When you write out the listing, keep every character and omit the pictures.

======== Provided data ========

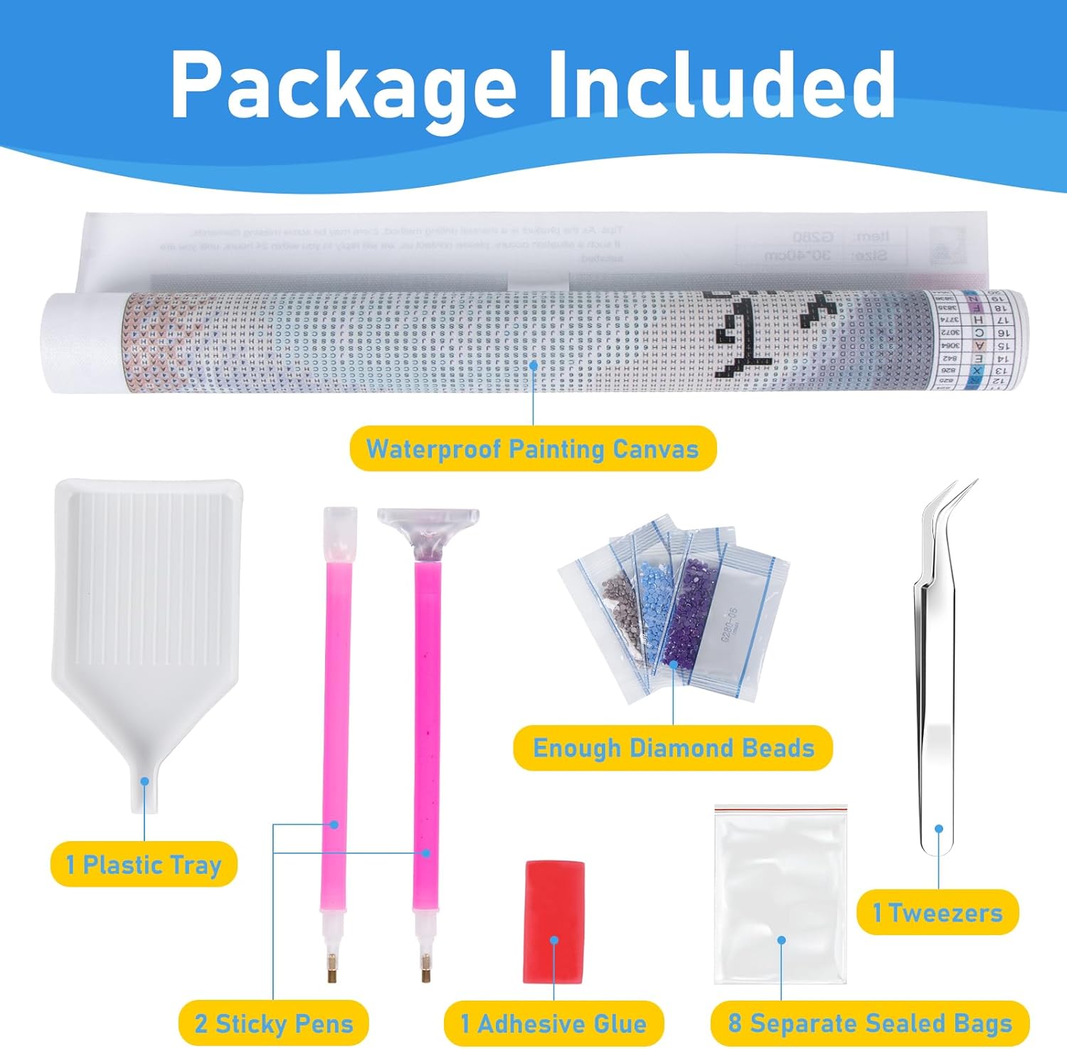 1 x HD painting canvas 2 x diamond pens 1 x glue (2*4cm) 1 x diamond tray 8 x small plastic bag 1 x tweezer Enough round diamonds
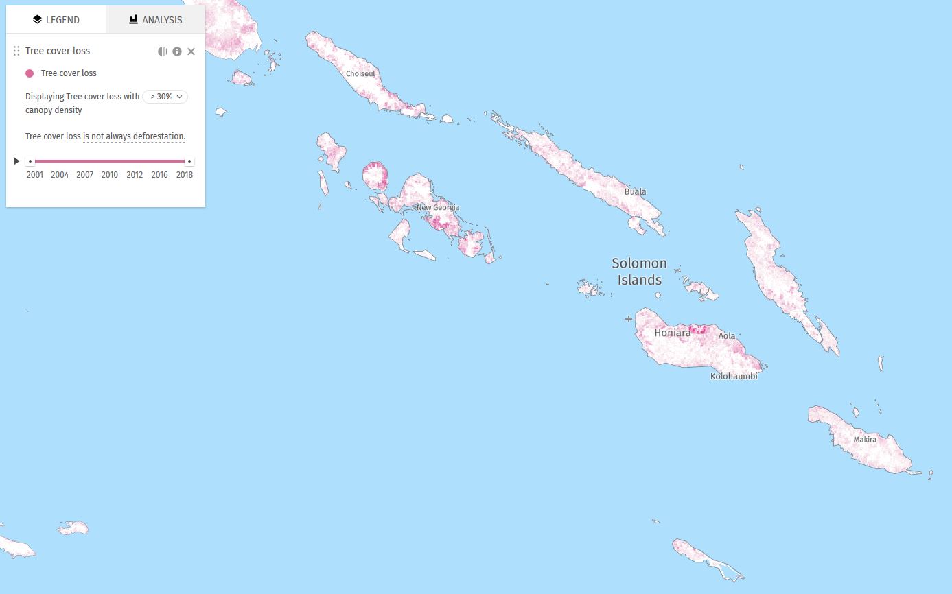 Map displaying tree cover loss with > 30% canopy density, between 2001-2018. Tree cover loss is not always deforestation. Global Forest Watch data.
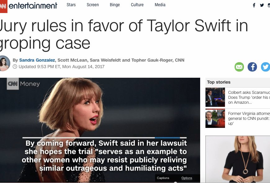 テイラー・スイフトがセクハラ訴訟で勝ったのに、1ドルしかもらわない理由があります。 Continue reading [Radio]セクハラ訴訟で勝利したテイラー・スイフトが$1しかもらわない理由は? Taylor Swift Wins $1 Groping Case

========

Solution:
 1 x HD painting canvas 2 x diamond pens 1 x glue (2*4cm) 1 x diamond tray 8 x small plastic bag 1 x tweezer Enough round diamonds
 Map displaying tree cover loss with > 30% canopy density, between 2001-2018. Tree cover loss is not always deforestation. Global Forest Watch data.
 テイラー・スイフトがセクハラ訴訟で勝ったのに、1ドルしかもらわない理由があります。 Continue reading [Radio]セクハラ訴訟で勝利したテイラー・スイフトが$1しかもらわない理由は? Taylor Swift Wins $1 Groping Case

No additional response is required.